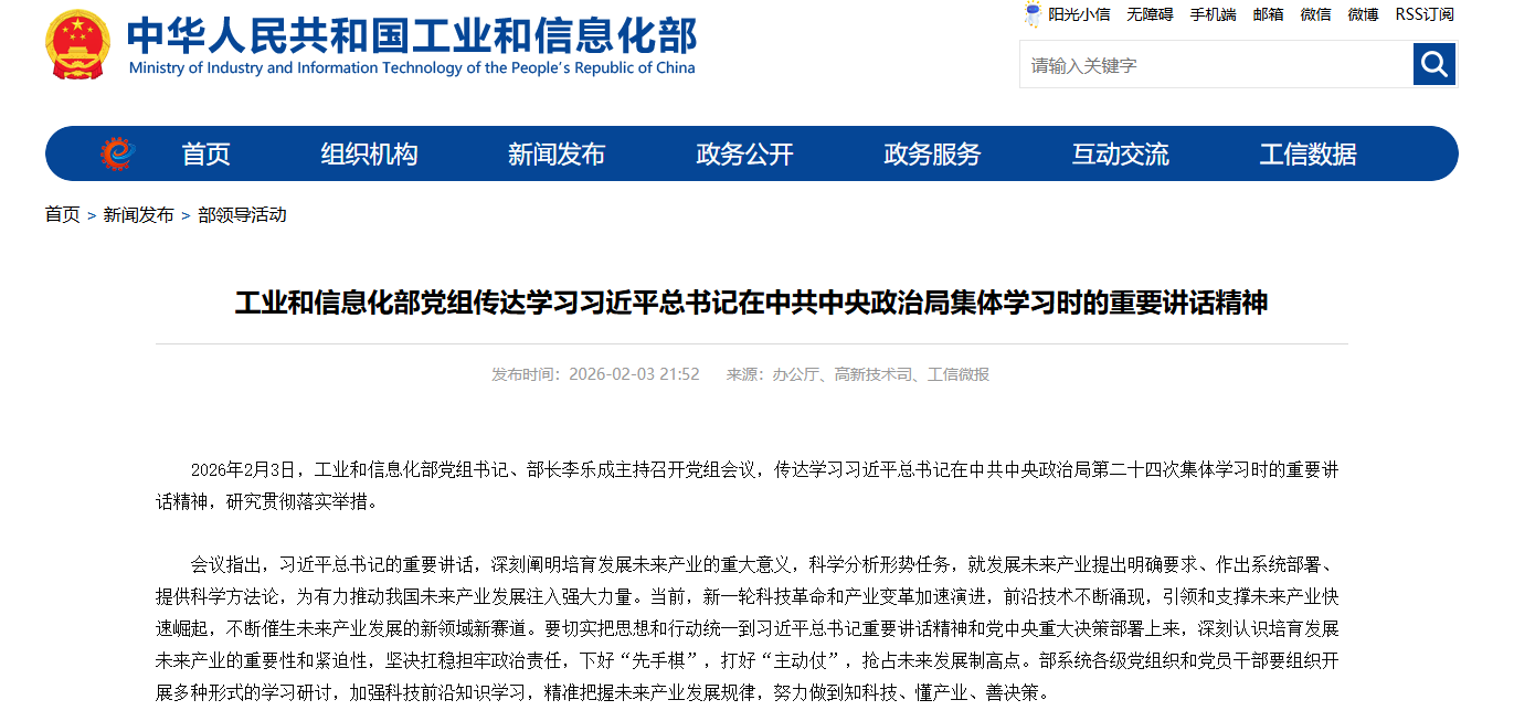 2026年2月3日,工业和信息化部党组书记、部长李乐成主持召开党组会议,传达学习习近平总书记在中共中央政治局集体学习时的重要讲话精神,并就培育发展未来产业作出系统部署。会议释放出明确信号:氢能已被列为国家未来产业梯次布局的重要赛道,将在新型举国体制下获得技术攻关与应用示范的“双轮驱动”。
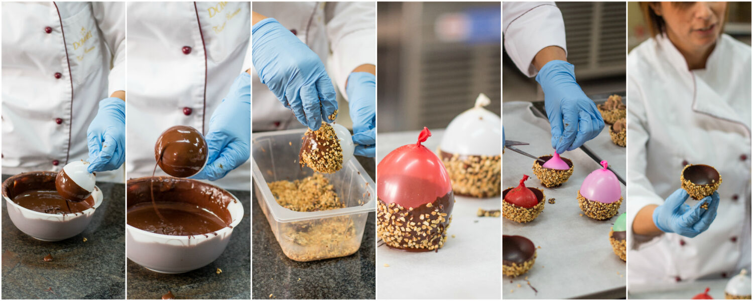 Dopo la visita allo stabilimento, ho partecipato ad un laboratorio per imparare ad usare il cioccolato Domori, che è perfetto per la pasticceria. Abbiamo preparato le mezze sfere di cioccolato fondente con granella di nocciole e ganache montata, un dolce in grado di esaltare gli aromi giocando con le consistenze.
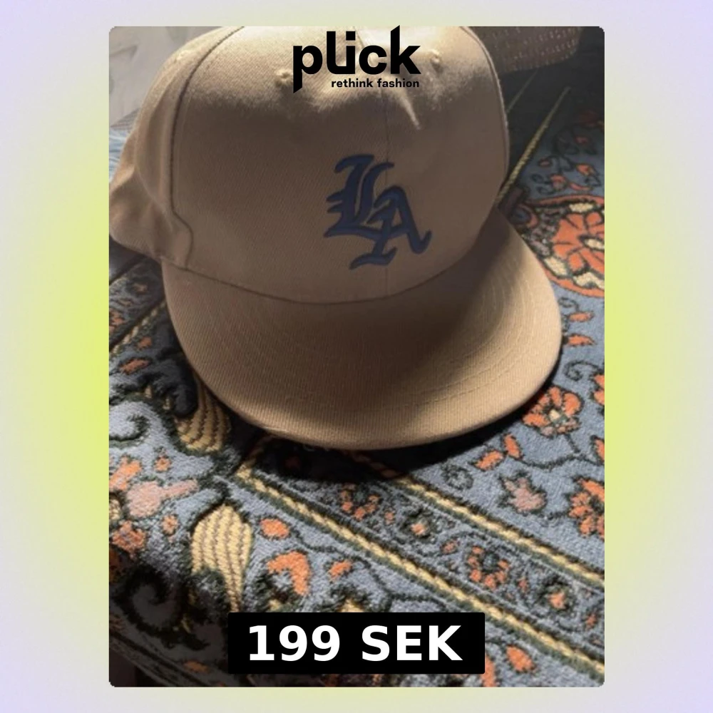 Säljer en beige keps med blå LA-logga broderad framtill. Klassisk rak skärm och justerbar baksida. Tillverkad i slitstarkt tyg, perfekt för dig som gillar streetwear och sportig stil.
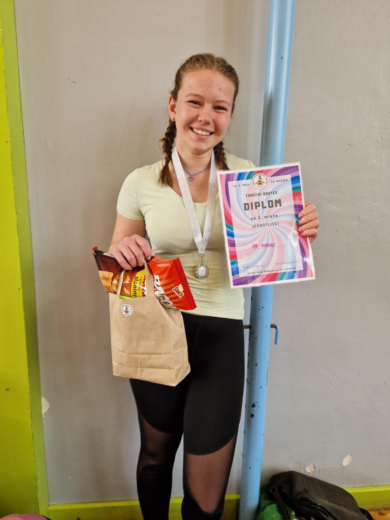 Velká gratulace patří tanečnici Ivě Makoli, která se v soutěži jednotlivců umístila na krásném 2. místě. Její talent a vytrvalost jsou nádherným příkladem pro ostatní.
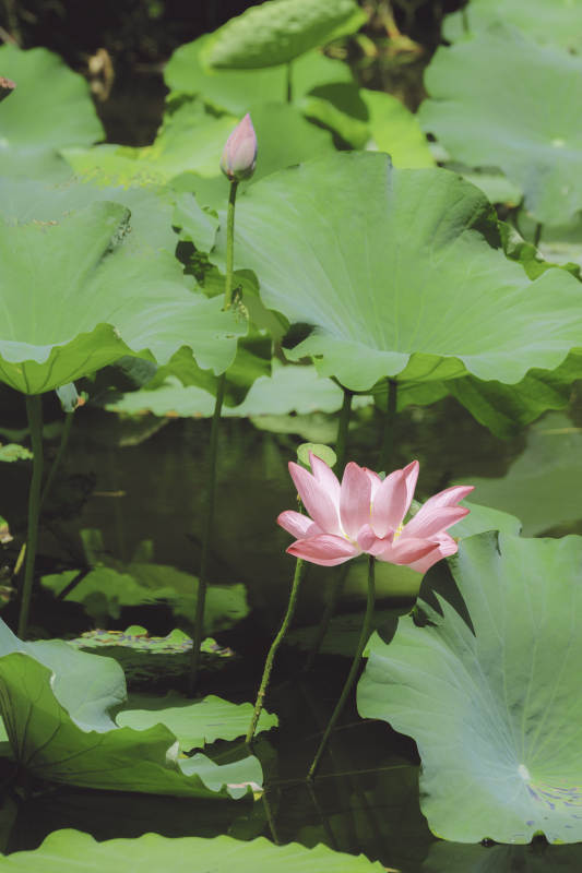 荷塘静谧 粉莲绽放
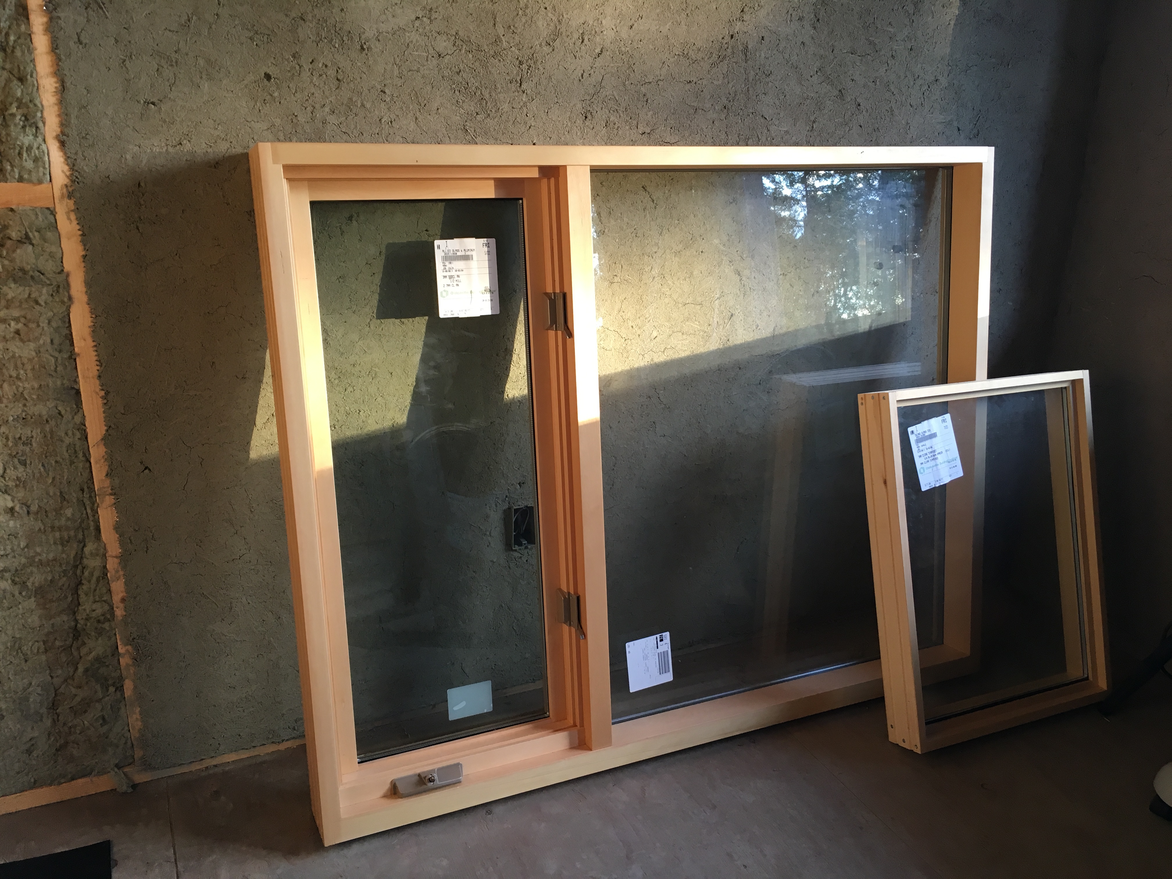 Similar to our first house, we used yellow cedar for the windows from the same wood salvaging supplier on the next island over from us, and fir for the doors. The spaces in which they fit needed to be shimmed, braced, and stuffed with insulation before the trim is set in place, and the windows finally become the imbedded and framed view we imagined from the beginning.
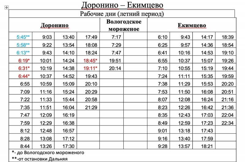В Вологде это маршрут №42 «Доронино (Дальняя) - Екимцево». С 20 апреля он будет продлен до остановки «Доронино» на все лето. Расписание рейсов уже утверждено.
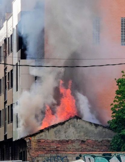 En estos momentos, efectivos de los Bomberos de León se encuentran sofocando las llamas del incendio que han provocado una gran humareda, a la par que tratan de evitar que el fuego se propague a los edificios colindantes.
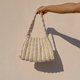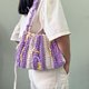 钩针编织 T 型肩背包,小巧可爱 材质:弹性纤维线 尺寸:(请参考最后一张图片) 奶油色:背带长 8 英寸,可延展至 11 英寸 紫色:背带长 11 英寸 现货供应中
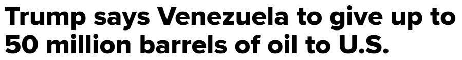 At some point Tuesday night, Donald Trump logged onto social media and shouted at the clouds that Venezuela’s interim authorities are handing the United States between 30 and 50 million barrels of oil. Real barrels at market price… loaded onto storage ships and sailed straight into U.S. docks with Fortunate Son or Money For Nothing (take your pick) on full blast.
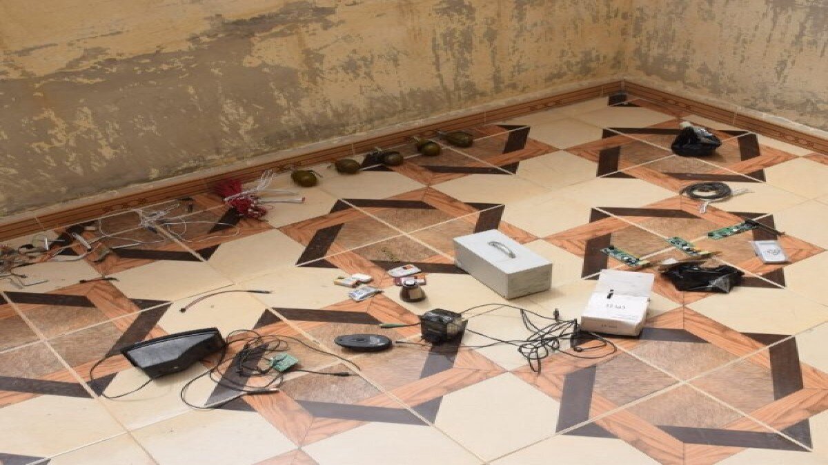 Gerekli önlemler alınarak evde yapılan aramalarda, 5 savunma tipi el bombası, 22 elektrikli kapsül, 28 kibrit başı eczası diye adlandırılan kapsül ateşleyicisi, elektrik güç ünitesi ve çok sayıda bilgisayar malzemesi ele geçirildi.
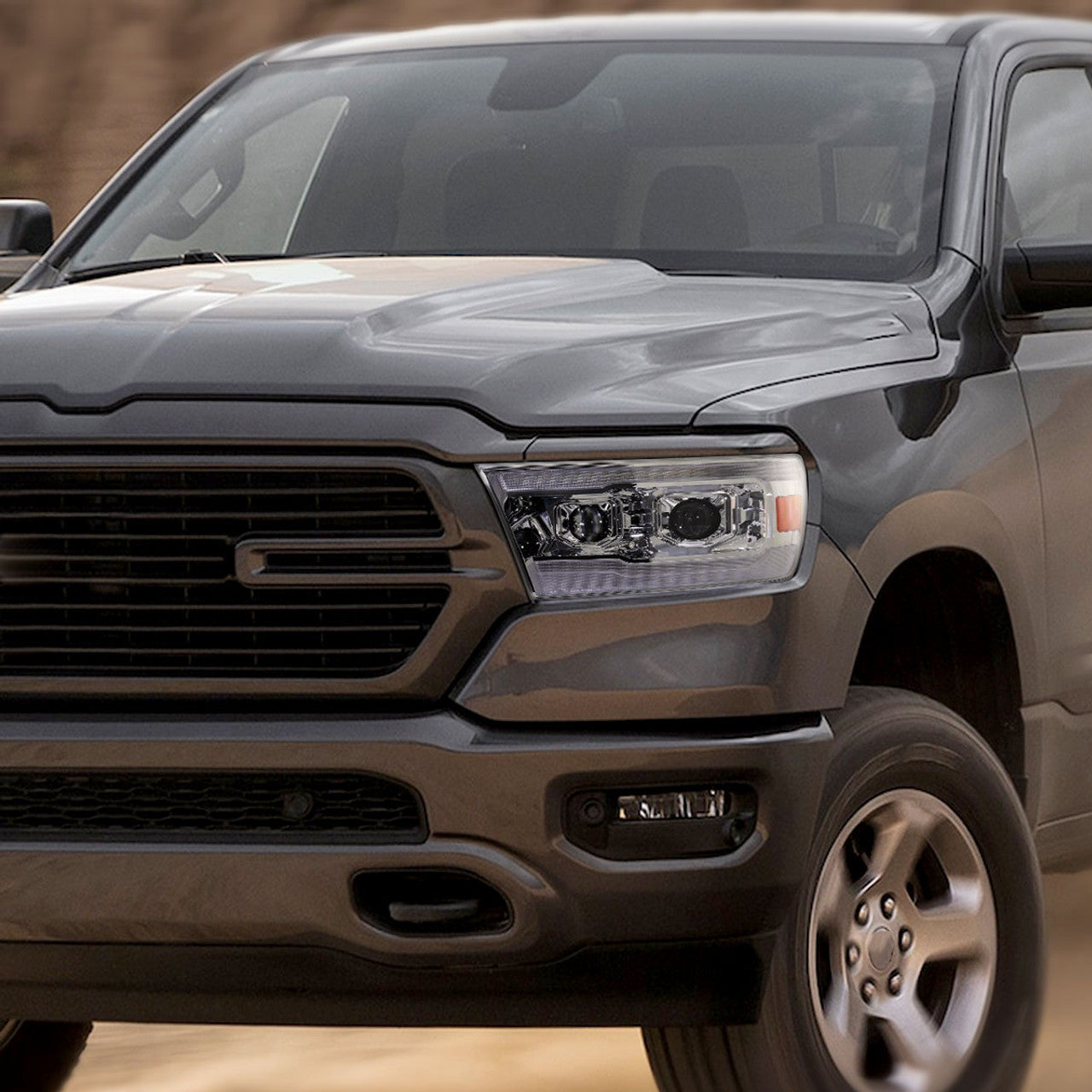 Spec D Projector Halo Headlights (Chrome w/ Sequential Turn Signal): Ram 1500 2019 - 2024
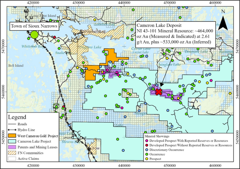 The Project is adjacent to the Cameron Lake claim group, as shown in Figure 1. The Cameron Lake Deposit hosts pit-constrained (0.55 g/t Au cut-off) Measured and Indicated mineral resources of approximately 3.5 million tonnes grading 2.45 g/t Au, containing approximately 274,000 ounces of gold, and pit-constrained Inferred mineral resources of approximately 0.035 million tonnes grading 2.45 g/t Au, containing approximately 3,000 ounces of gold. In addition, the deposit hosts underground (2.00 g/t Au cut-off) Measured and Indicated mineral resources of approximately 2.0 million tonnes grading 2.90 g/t Au, containing approximately 190,000 ounces of gold, and underground Inferred mineral resources of approximately 6.5 million tonnes grading 2.54 g/t Au, containing approximately 530,000 ounces of gold. As disclosed in the Technical Report on the Cameron Gold Deposit, Ontario, Canada (First Mining Finance Corp., effective January 17, 2017). Mineral resources are not mineral reserves and do not have demonstrated economic viability.

Problem requirements>
In your copy, leave out the pictures and reproduce the material above exactly.

Solution to this task>
 2026年2月3日,工业和信息化部党组书记、部长李乐成主持召开党组会议,传达学习习近平总书记在中共中央政治局集体学习时的重要讲话精神,并就培育发展未来产业作出系统部署。会议释放出明确信号:氢能已被列为国家未来产业梯次布局的重要赛道,将在新型举国体制下获得技术攻关与应用示范的“双轮驱动”。
 Dopo la visita allo stabilimento, ho partecipato ad un laboratorio per imparare ad usare il cioccolato Domori, che è perfetto per la pasticceria. Abbiamo preparato le mezze sfere di cioccolato fondente con granella di nocciole e ganache montata, un dolce in grado di esaltare gli aromi giocando con le consistenze.
 Säljer en beige keps med blå LA-logga broderad framtill. Klassisk rak skärm och justerbar baksida. Tillverkad i slitstarkt tyg, perfekt för dig som gillar streetwear och sportig stil.
 Velká gratulace patří tanečnici Ivě Makoli, která se v soutěži jednotlivců umístila na krásném 2. místě. Její talent a vytrvalost jsou nádherným příkladem pro ostatní.
 荷塘静谧 粉莲绽放
 Similar to our first house, we used yellow cedar for the windows from the same wood salvaging supplier on the next island over from us, and fir for the doors. The spaces in which they fit needed to be shimmed, braced, and stuffed with insulation before the trim is set in place, and the windows finally become the imbedded and framed view we imagined from the beginning.
В Вологде это маршрут №42 «Доронино (Дальняя) - Екимцево». С 20 апреля он будет продлен до остановки «Доронино» на все лето. Расписание рейсов уже утверждено.
 En estos momentos, efectivos de los Bomberos de León se encuentran sofocando las llamas del incendio que han provocado una gran humareda, a la par que tratan de evitar que el fuego se propague a los edificios colindantes.
 钩针编织 T 型肩背包,小巧可爱 材质:弹性纤维线 尺寸:(请参考最后一张图片) 奶油色:背带长 8 英寸,可延展至 11 英寸 紫色:背带长 11 英寸 现货供应中
 At some point Tuesday night, Donald Trump logged onto social media and shouted at the clouds that Venezuela’s interim authorities are handing the United States between 30 and 50 million barrels of oil. Real barrels at market price… loaded onto storage ships and sailed straight into U.S. docks with Fortunate Son or Money For Nothing (take your pick) on full blast.
 Gerekli önlemler alınarak evde yapılan aramalarda, 5 savunma tipi el bombası, 22 elektrikli kapsül, 28 kibrit başı eczası diye adlandırılan kapsül ateşleyicisi, elektrik güç ünitesi ve çok sayıda bilgisayar malzemesi ele geçirildi.
 Spec D Projector Halo Headlights (Chrome w/ Sequential Turn Signal): Ram 1500 2019 - 2024
 The Project is adjacent to the Cameron Lake claim group, as shown in Figure 1. The Cameron Lake Deposit hosts pit-constrained (0.55 g/t Au cut-off) Measured and Indicated mineral resources of approximately 3.5 million tonnes grading 2.45 g/t Au, containing approximately 274,000 ounces of gold, and pit-constrained Inferred mineral resources of approximately 0.035 million tonnes grading 2.45 g/t Au, containing approximately 3,000 ounces of gold. In addition, the deposit hosts underground (2.00 g/t Au cut-off) Measured and Indicated mineral resources of approximately 2.0 million tonnes grading 2.90 g/t Au, containing approximately 190,000 ounces of gold, and underground Inferred mineral resources of approximately 6.5 million tonnes grading 2.54 g/t Au, containing approximately 530,000 ounces of gold. As disclosed in the Technical Report on the Cameron Gold Deposit, Ontario, Canada (First Mining Finance Corp., effective January 17, 2017). Mineral resources are not mineral reserves and do not have demonstrated economic viability.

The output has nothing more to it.